Information provided Block Start
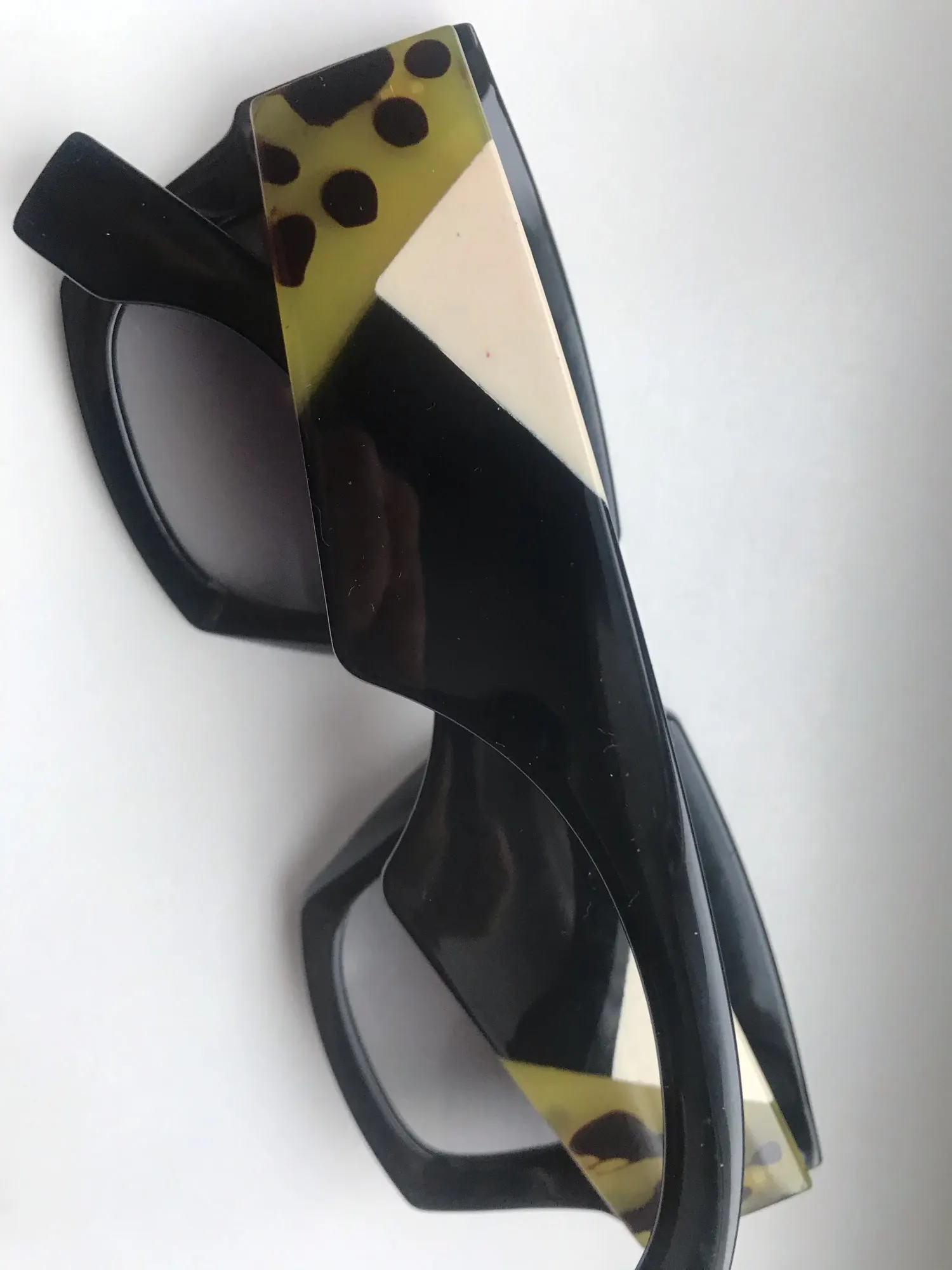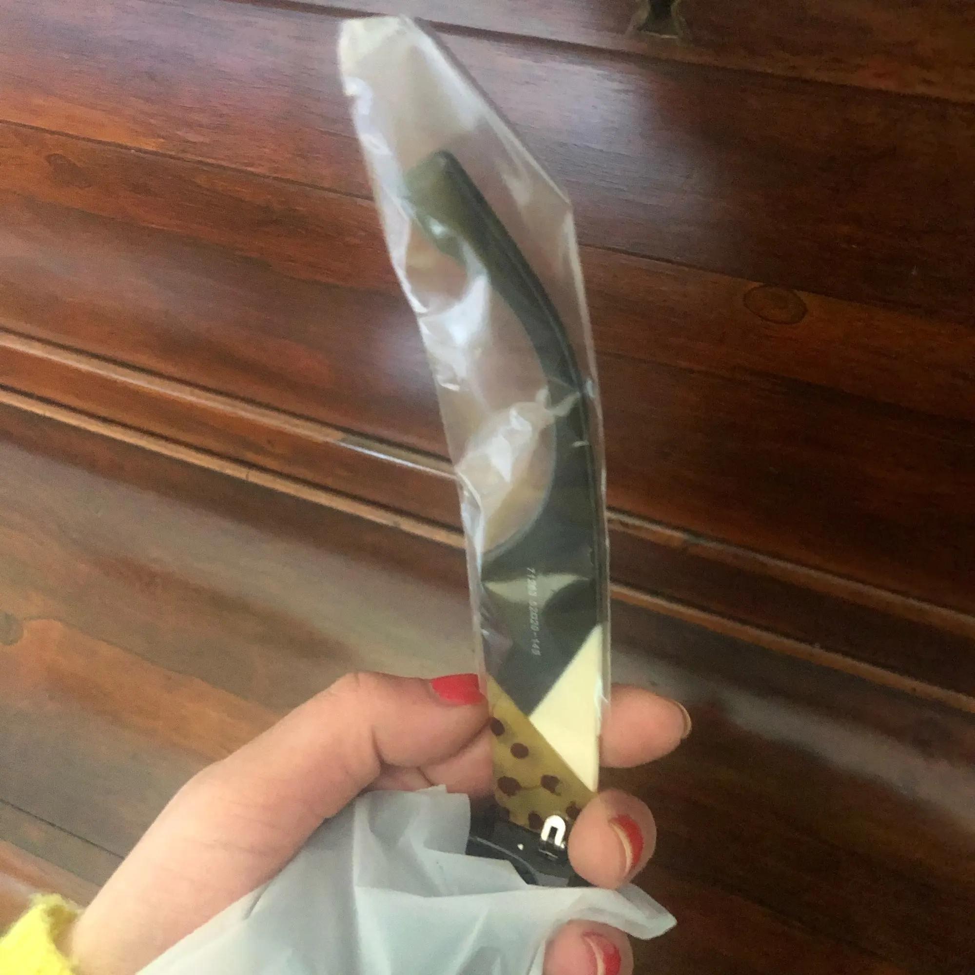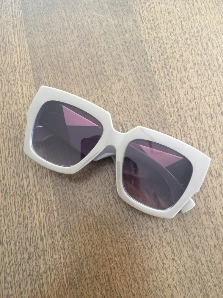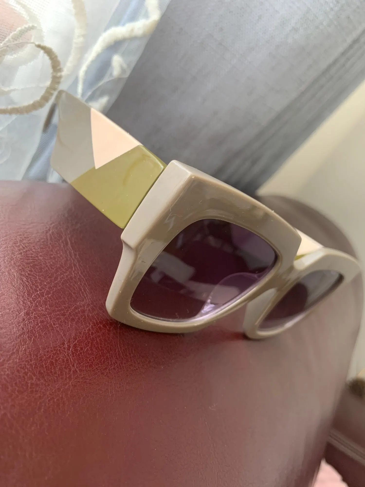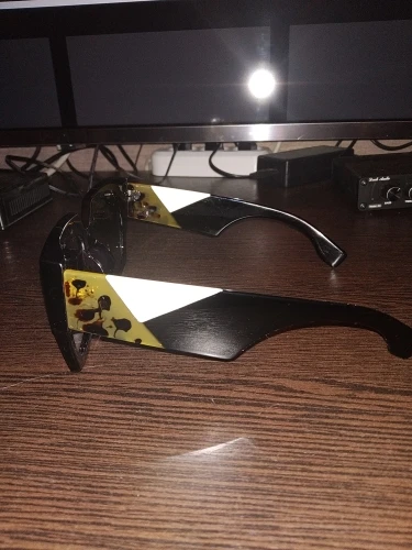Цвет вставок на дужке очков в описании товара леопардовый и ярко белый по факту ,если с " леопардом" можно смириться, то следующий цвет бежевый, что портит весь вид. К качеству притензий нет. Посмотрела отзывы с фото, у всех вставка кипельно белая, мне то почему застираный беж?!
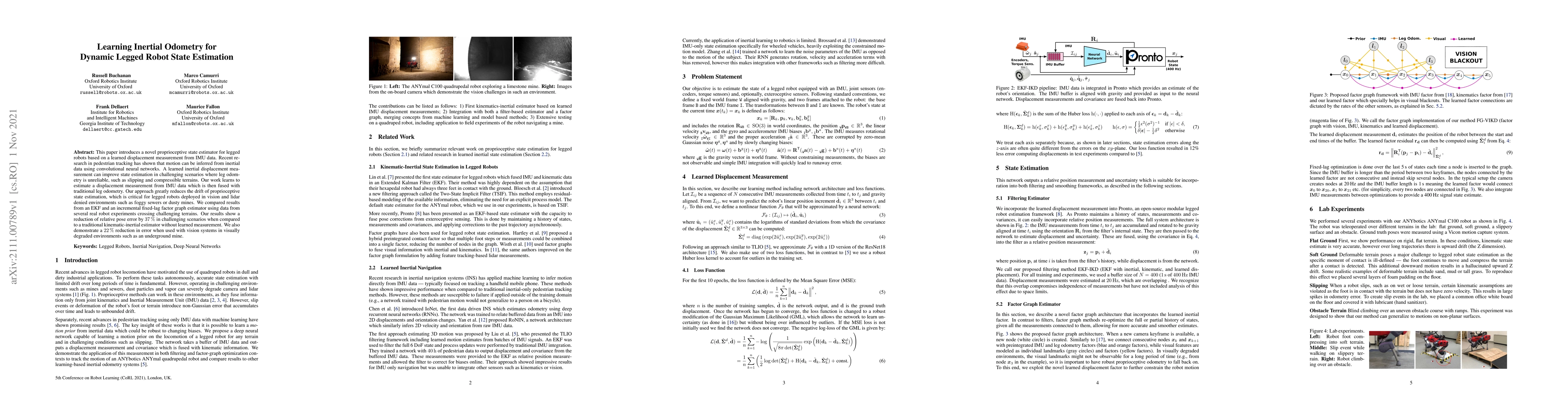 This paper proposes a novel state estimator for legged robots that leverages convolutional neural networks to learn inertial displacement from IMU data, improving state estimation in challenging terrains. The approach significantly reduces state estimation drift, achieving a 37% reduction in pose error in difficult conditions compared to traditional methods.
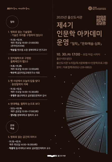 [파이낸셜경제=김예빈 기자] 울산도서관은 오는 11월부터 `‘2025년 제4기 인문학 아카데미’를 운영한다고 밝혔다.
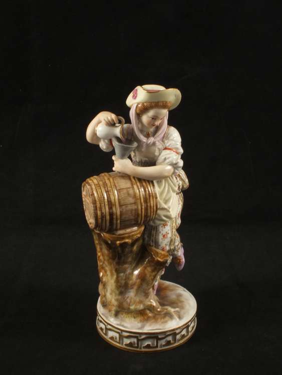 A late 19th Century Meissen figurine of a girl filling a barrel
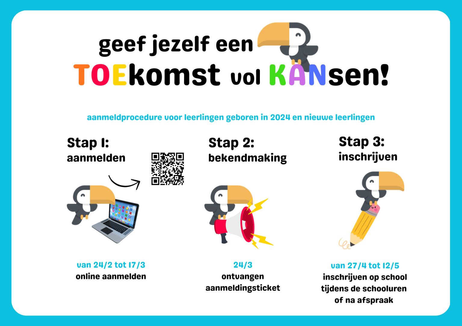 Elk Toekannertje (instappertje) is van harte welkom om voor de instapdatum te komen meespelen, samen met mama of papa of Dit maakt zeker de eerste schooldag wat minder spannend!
Information provided Block End
Information provided Block Start
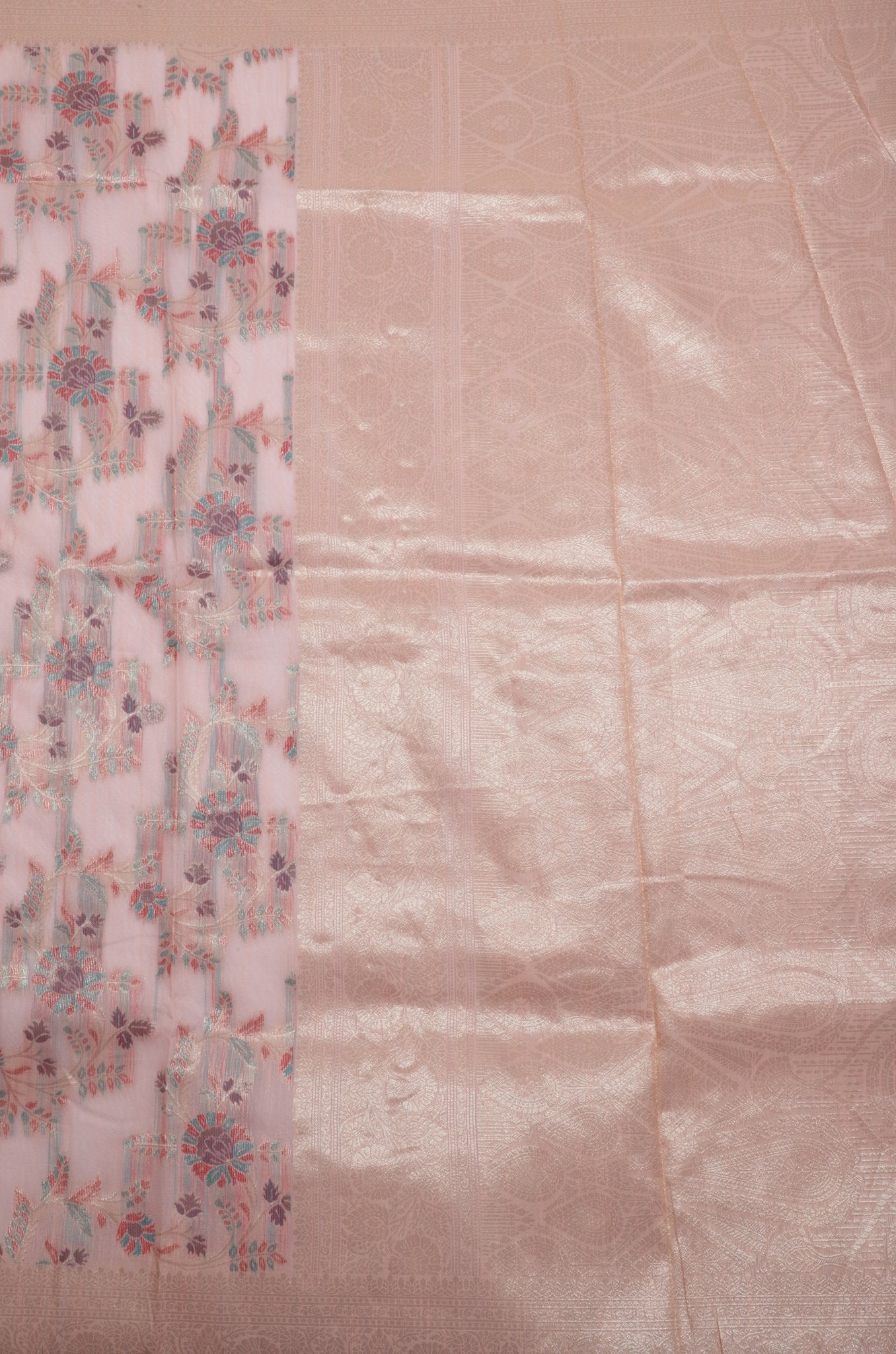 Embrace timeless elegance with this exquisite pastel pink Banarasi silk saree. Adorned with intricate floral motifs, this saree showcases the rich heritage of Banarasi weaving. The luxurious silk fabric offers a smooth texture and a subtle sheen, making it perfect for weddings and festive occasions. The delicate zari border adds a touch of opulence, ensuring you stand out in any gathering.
Information provided Block End
Information provided Block Start
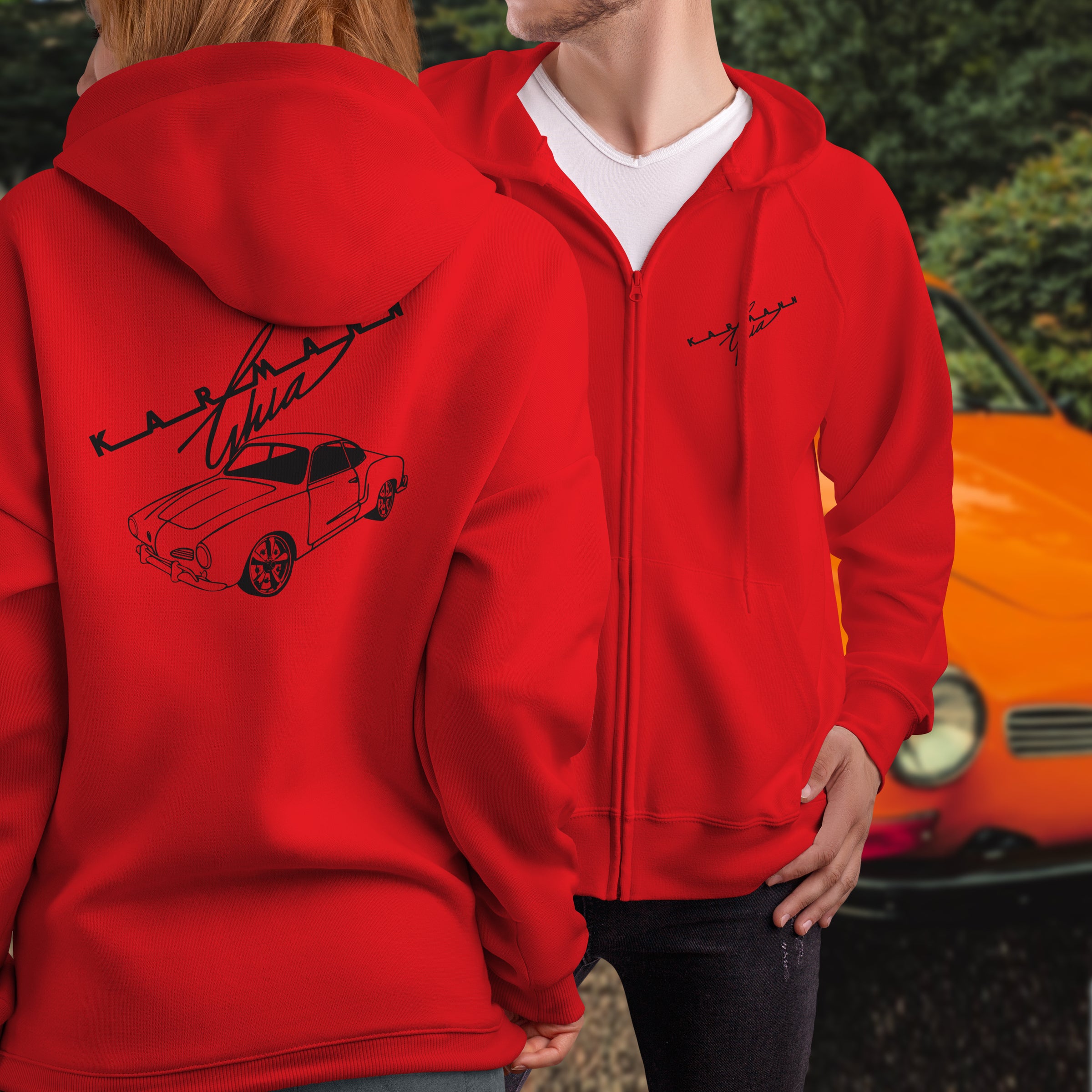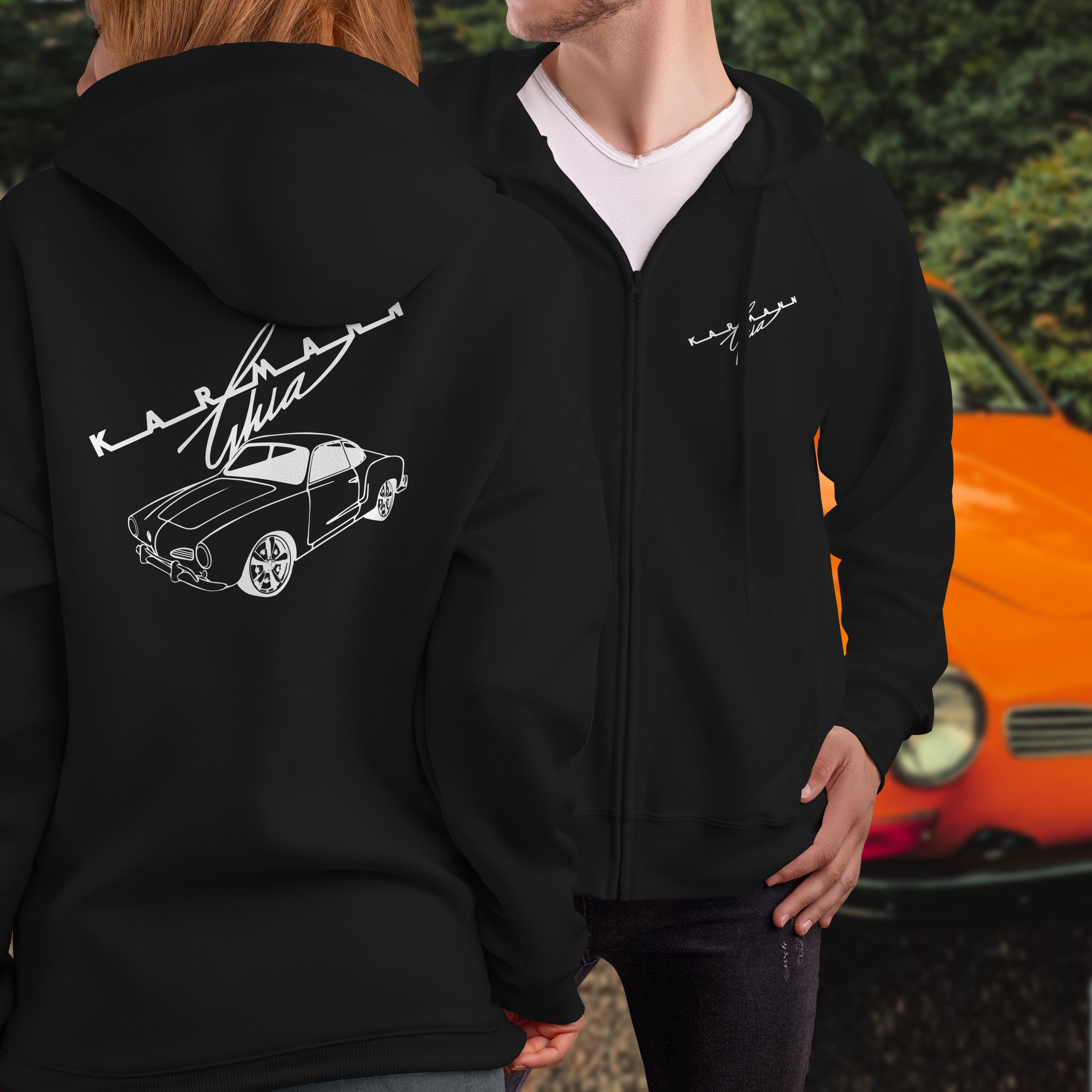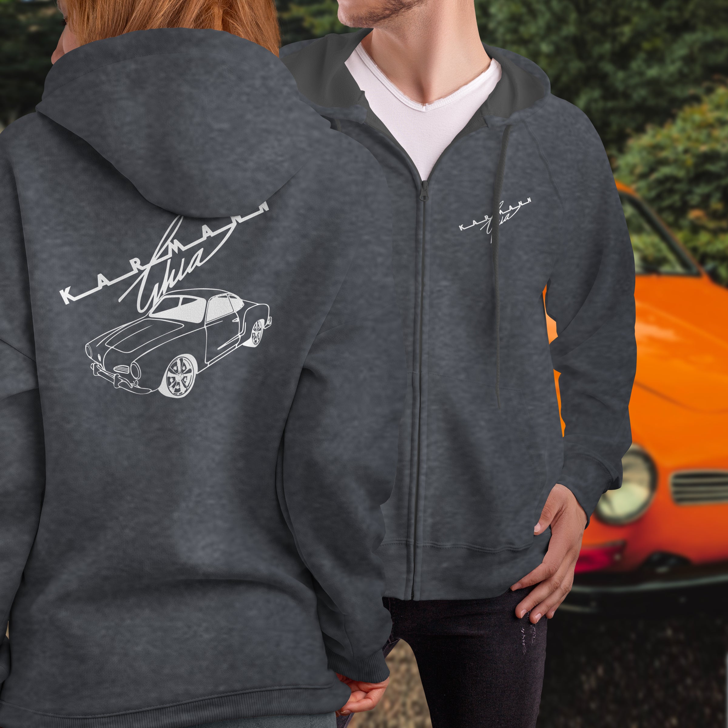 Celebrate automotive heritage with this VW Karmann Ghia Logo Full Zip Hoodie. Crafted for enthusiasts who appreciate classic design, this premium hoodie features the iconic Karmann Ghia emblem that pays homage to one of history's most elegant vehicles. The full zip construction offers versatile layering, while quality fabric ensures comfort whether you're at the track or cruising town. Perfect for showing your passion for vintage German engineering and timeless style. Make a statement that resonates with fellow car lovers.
Information provided Block End
▶ _What to do_: Look above for the line with "This paper proposes" and the line with "Elk Toekannertje (instappertje)". Output those two and everything between them exactly, pictures excluded.

▶ _Answer for the task_:
 This paper proposes a novel state estimator for legged robots that leverages convolutional neural networks to learn inertial displacement from IMU data, improving state estimation in challenging terrains. The approach significantly reduces state estimation drift, achieving a 37% reduction in pose error in difficult conditions compared to traditional methods.
 [파이낸셜경제=김예빈 기자] 울산도서관은 오는 11월부터 `‘2025년 제4기 인문학 아카데미’를 운영한다고 밝혔다.
 A late 19th Century Meissen figurine of a girl filling a barrel
 Elk Toekannertje (instappertje) is van harte welkom om voor de instapdatum te komen meespelen, samen met mama of papa of Dit maakt zeker de eerste schooldag wat minder spannend!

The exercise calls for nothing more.